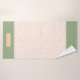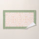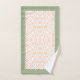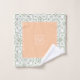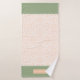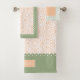 Sage gree, peach and white damask pattern and scalloped borders Bath Towel Set. The bath towel features an elegant peach and white damask pattern and sage green bands on the short sides with scalloped edges. There is also a frame with your family name. The hand towel showcases a scalloped border around it while the wash cloth is in speach colour in the centre with a damask border and your monogram. You can personalise it with your family name and monogram.
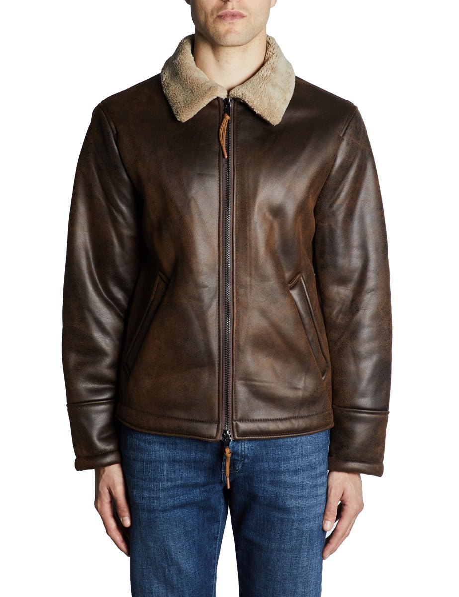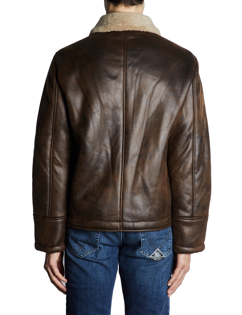 Ecomontone effetto vintage color tabacco con pelo in contrasto color crema, chiusura frontale con zip metallica e doppio cursore con tirazip in ecopelle. Tasche a filetto trasversali, finitura polsi con borso rimesso.
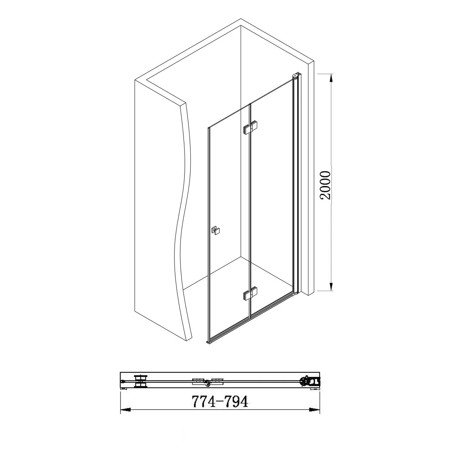 Sturotec 5090 Drehfalttür mit Seitenwand 80 x 100 x 200 cm Anschlag rechts, mit Nano-Beschichtung
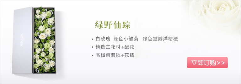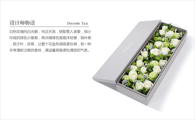 白玫瑰16枝、绿色小雏菊4枝、绿色重瓣洋桔梗3枝、银叶菊3枝、栀子叶2枝、排草10枝
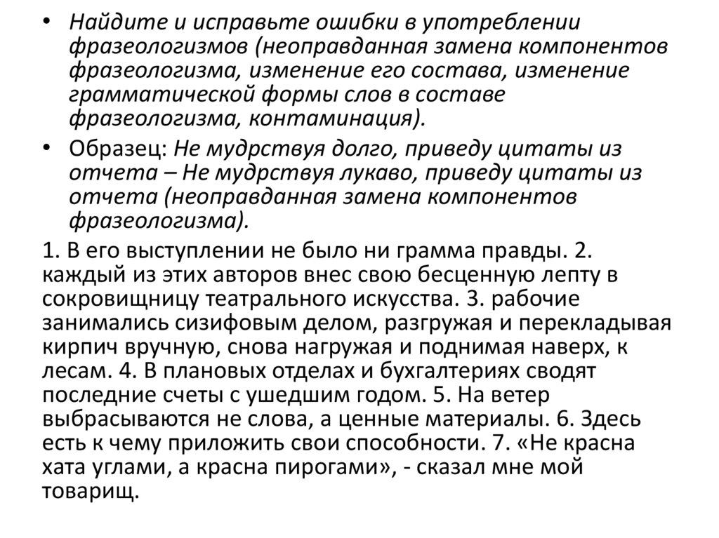 • Найдите и исправьте ошибки в употреблениифразеологизмов (неоправданная замена компонентов
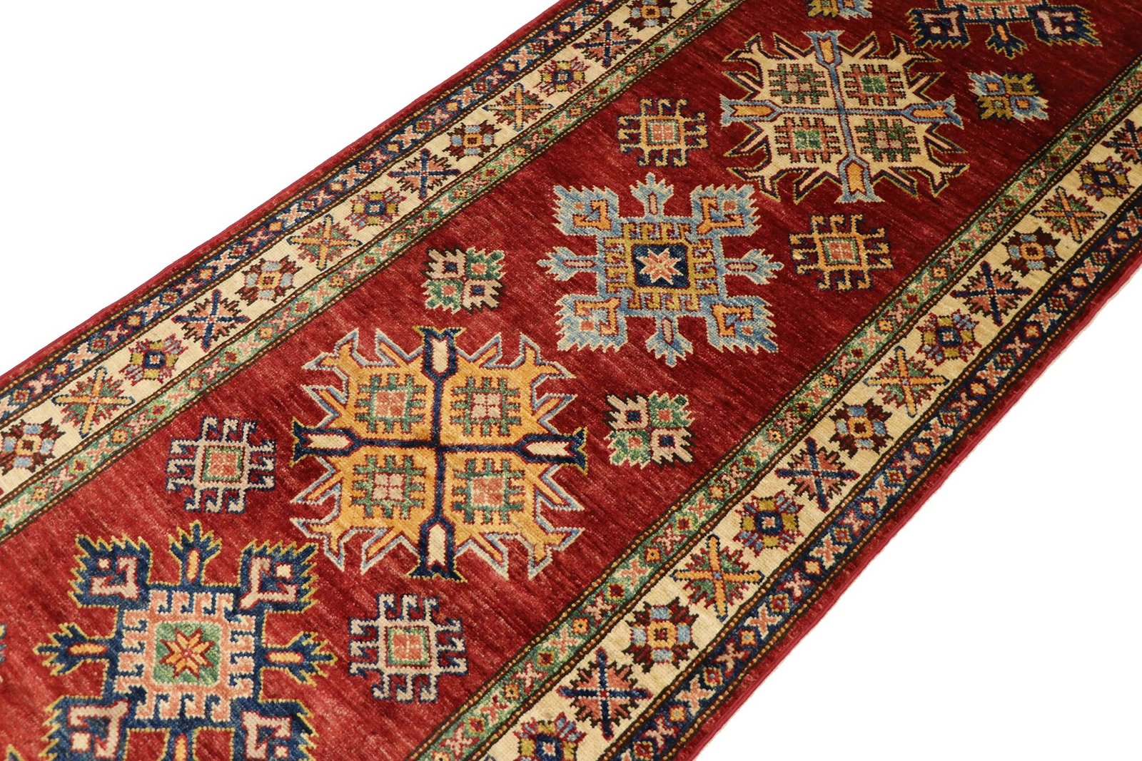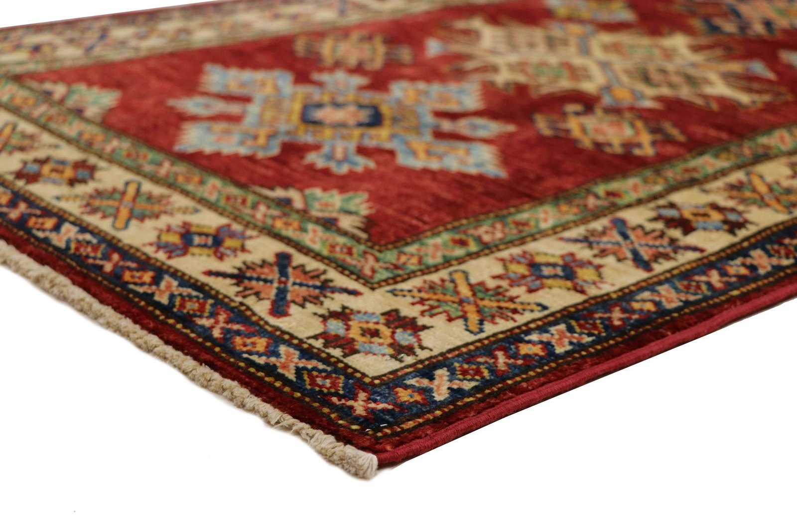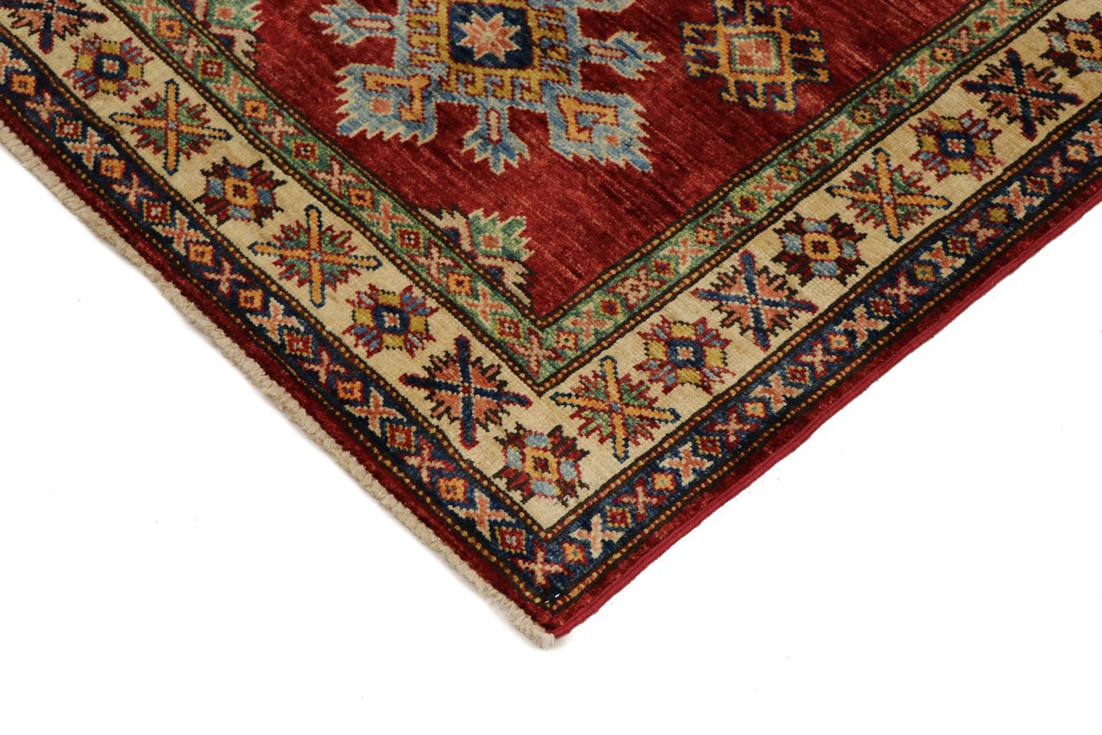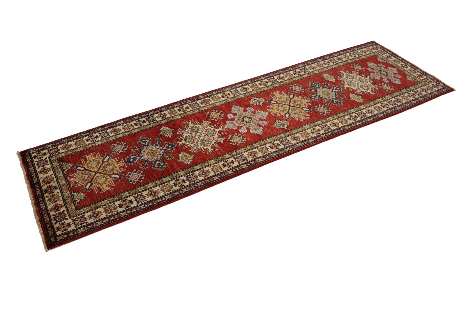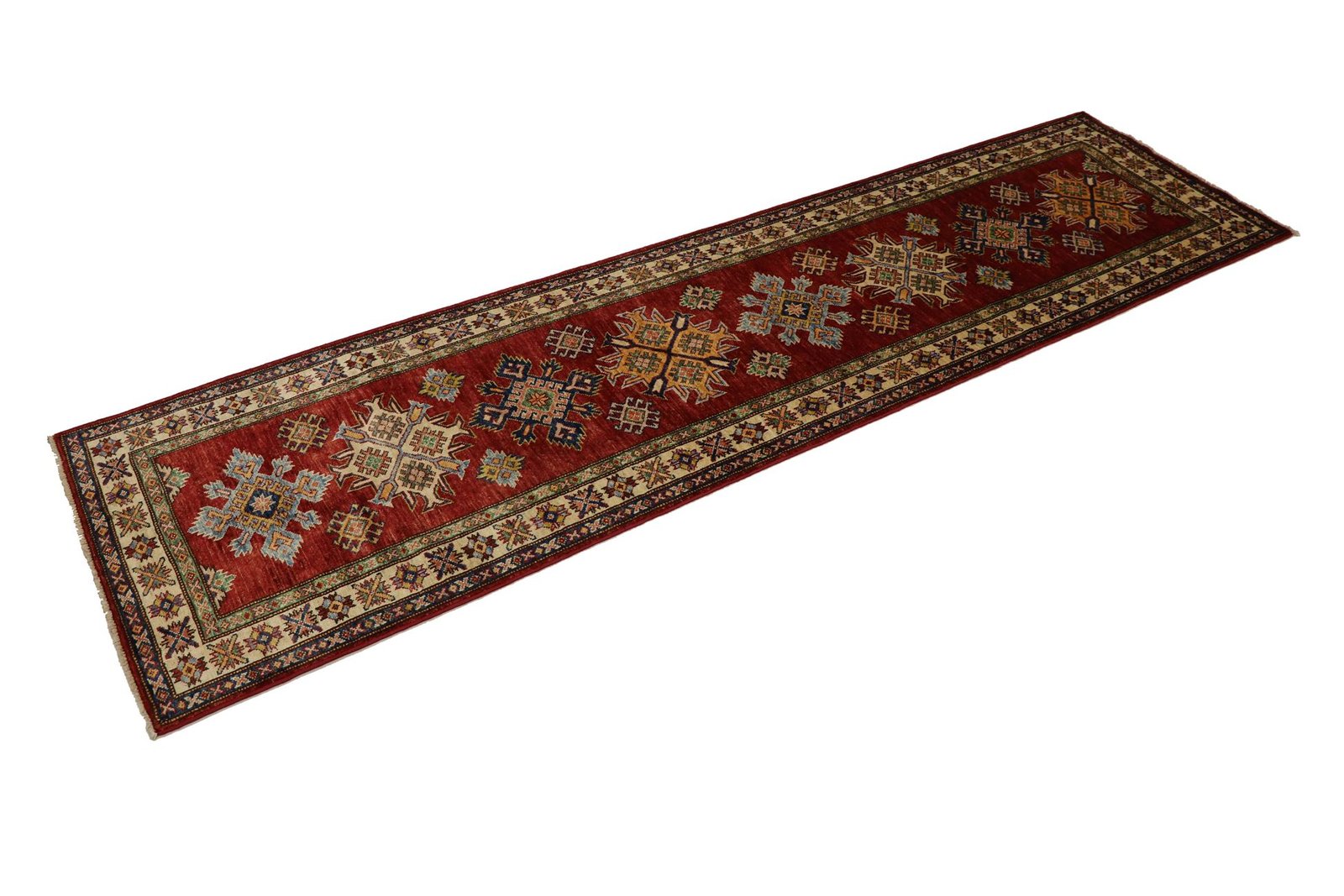 This hand-knotted Kazak, made in the traditional style of Caucasian carpets, impresses with its exceptional robustness and vibrant colours. It beautifully reflects the culture of the Caucasus, which has been known for centuries for its mastery of carpet weaving. The carpets of this region are characterised by their charmingly simple shapes and vibrant colours, which embody the tradition and aesthetics of the Caucasus. Among Oriental carpets, this Kazak is one of the most sought-after both in the Orient and in Europe. The artful simplicity of the weaving and the deliberate colour accents make this carpet ideal for modern interiors. It combines traditional craftsmanship with current interior design trends, making it perfect for mixing and matching.
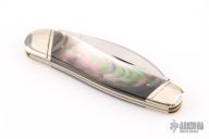 This knife by Case features mirror finished blades with nail nicks. The handle has nickel silver bolsters, pearl covers, brass liners and steel springs. Marked 1 of 5 on the blade. Has some light scratches and patina. Excellent condition otherwise.
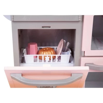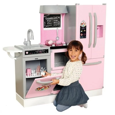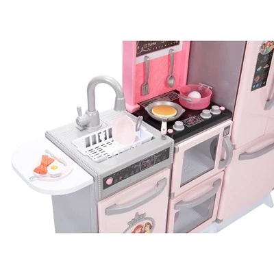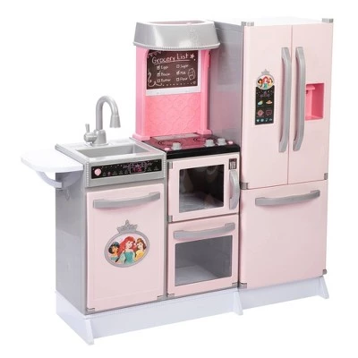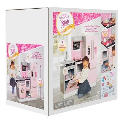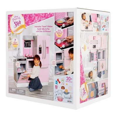 Sleek, unique, and oh so fun, the Disney Princess Style Collection is meant for every modern girl with big goals and great style. With its stunning design and high-tech features, this Gourmet “Smart” Kitchen takes your play cooking to the next level! This interactive kitchen includes seven feature appliances and over 30 sounds and phrases as prompts while you play. Turn handle on the faucet to hear water sounds and dishwater features washing sounds and indicates when cleaning cycle is complete. The overhead hood includes a fan sound. Microwave and Oven include lights and sounds. Refrigerator indicates when the door is left open and includes a play ice dispenser. The Stovetop includes light up burner and will even let you know when to flip your pancake or fried egg while using the fun flipping fry pan! The Gourmet “Smart” Kitchen comes complete with 20+ pieces, including cooking utensils, service for two, and foods items. Bon Appétit!

WHAT IS NEEDED. The answer is the lines of the material above, from the one containing "白玫瑰16枝、绿色小雏菊4枝" down to the one containing "(неоправданная замена компонентов", given exactly and without images.

EXERCISE SOLUTION.
 白玫瑰16枝、绿色小雏菊4枝、绿色重瓣洋桔梗3枝、银叶菊3枝、栀子叶2枝、排草10枝
 • Найдите и исправьте ошибки в употреблениифразеологизмов (неоправданная замена компонентов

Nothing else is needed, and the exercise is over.